# What kind of racing is this?



## SR20 Who Knew? (Jul 29, 2003)

I was watching the speed channel for some WRC goodness and a little after it was over I was surfing the channels and saw 2 evo's racing at the same time in sort of like a rally but it was on a track, but the track was made out of dirt. Whta kind of race is that? Is it rally sprint or something else?


----------



## Felonious Cat Stalker (May 1, 2002)

Sounds like a Super Special Stage in WRC or the Nation's Cup.

Both put 2 cars head to head, but spearated on different tracks. In WRC, they usually do the whole loop, crossing over at some point.


----------



## Something Funny (Nov 1, 2003)

fcsmotorsports said:


> Sounds like a Super Special Stage in WRC or the Nation's Cup.
> 
> Both put 2 cars head to head, but spearated on different tracks. In WRC, they usually do the whole loop, crossing over at some point.

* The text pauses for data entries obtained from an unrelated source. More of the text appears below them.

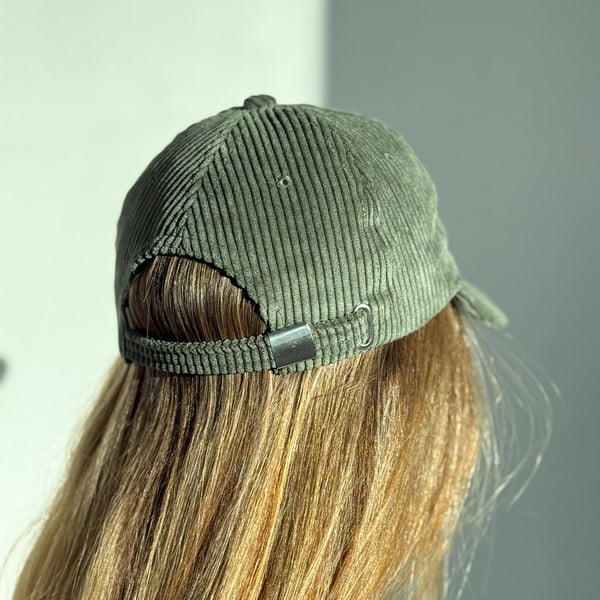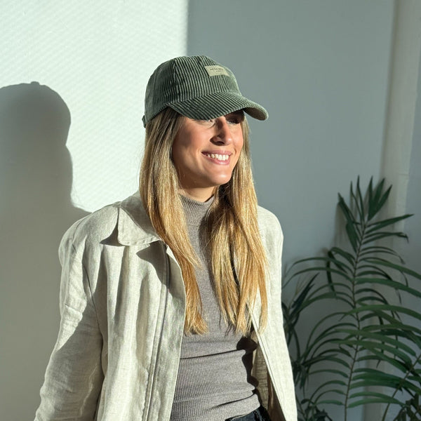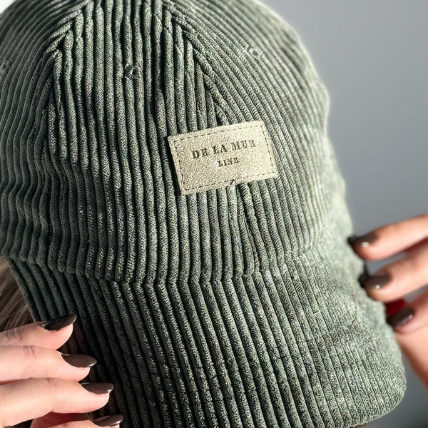 Deze karaktervolle pet van De La Mur Line is uitgevoerd in donkergroene corduroy ribstof met een groen label.
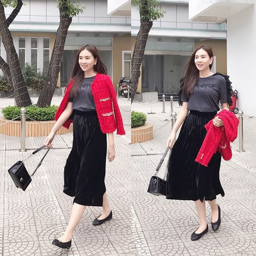 Trên tay Mai Ngọc là "bà hoàng của các dòng túi" Hermes với mức giá sấp xỉ 500 triệu đồng. "Cô nàng thời tiết" còn khéo léo mix kèm đôi dép cùng thương hiệu trị giá 15 triệu đồng.
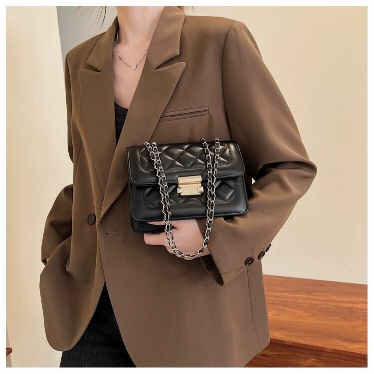 チェーンバッグレディースバッグ 2021 新しいトレンディな秋冬スタイルオールマッチニッチワンショルダーメッセンジャーバッグテクスチャブラックスモールバッグ オータム 秋物 ウィンター 冬物 maibag3785637397
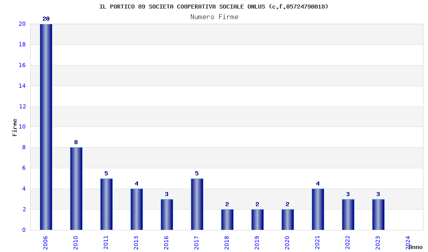 | Anno | Firme | Importi | Media | Naz. | Reg. | Prov. | Comu. |
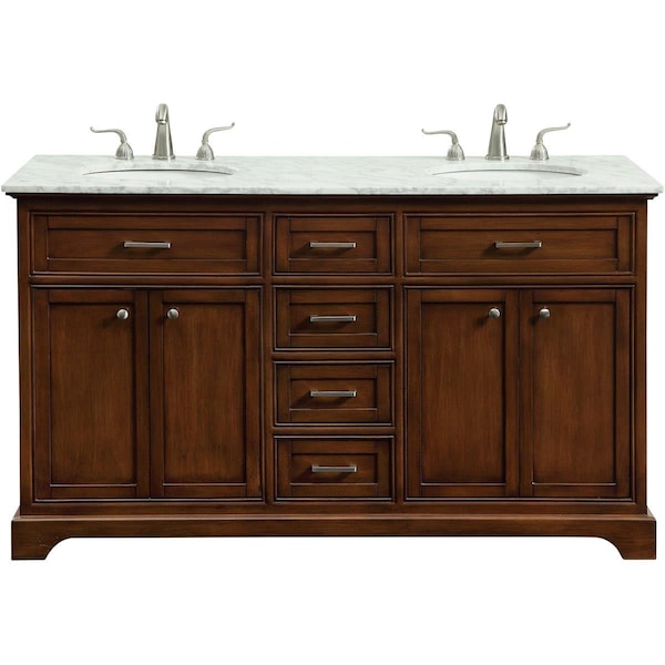 From its Italian CarraraWhite marble Top to its Contemporary-styled hand painted teakwood cabinet, this member of Our Americana vanity collection is sure to enhance either your home or office bathroom. Beneath its lustrous, Natural marble Top and 2 Oval,White porcelain under mount sink, is a cabinet with 4 handsome center drawers and 2 set sof doors with a single shelf each for all your bathroom essentials, highlighted with recessed panel doors, brushed steel bar handle and knobs, stands on strong Solid pedestal feet. A wonderful balance of simplicity and practical function. Features Double Bathroom Vanity Set FeaturesItalian Carrara marble Top Oval white porcelain under mount sink Specifications Color: Teak Size: 60 in. Measurement: 60 x 21.5 x 35 in. Weight: 264.44 lbs
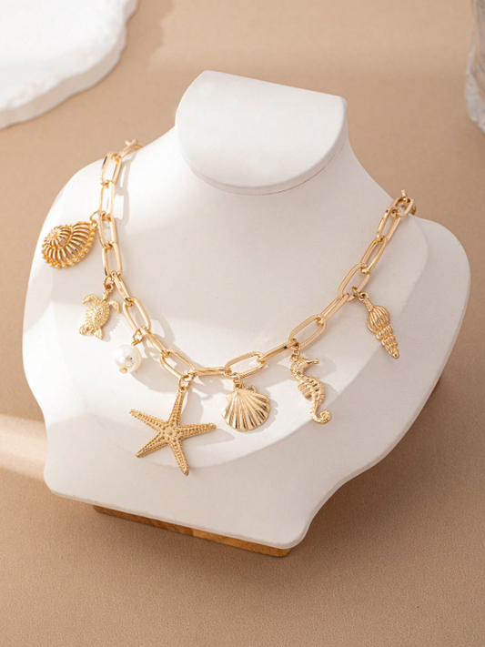 Ocean Life Pendant Necklace with Pearl & Shell Accents – Beach Vacation Jewelry for Women
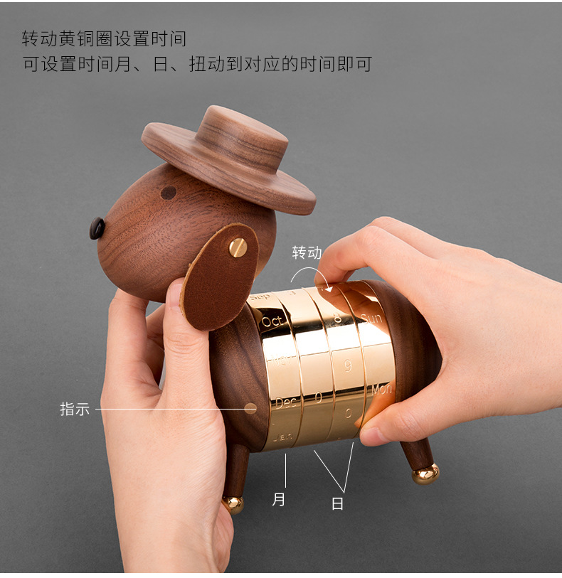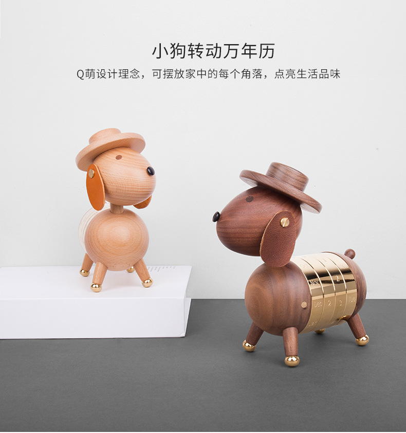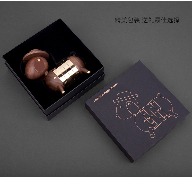 商品名称:MUSOR 黑胡桃绅士狗日历木质办公室桌面台历日历摆件 单位工会活动奖品

it was a special stage or sumthin like that, at first it was people like travis pastrana and other celebs against wrc drivers. they raced down to the winner in a playoff style thing.


----------



## spdracerUT (Jun 11, 2002)

That was the Nation's Cup. They also have the Race of Champions which is just WRC drivers I believe. Fun stuff to watch as it's heads up.


----------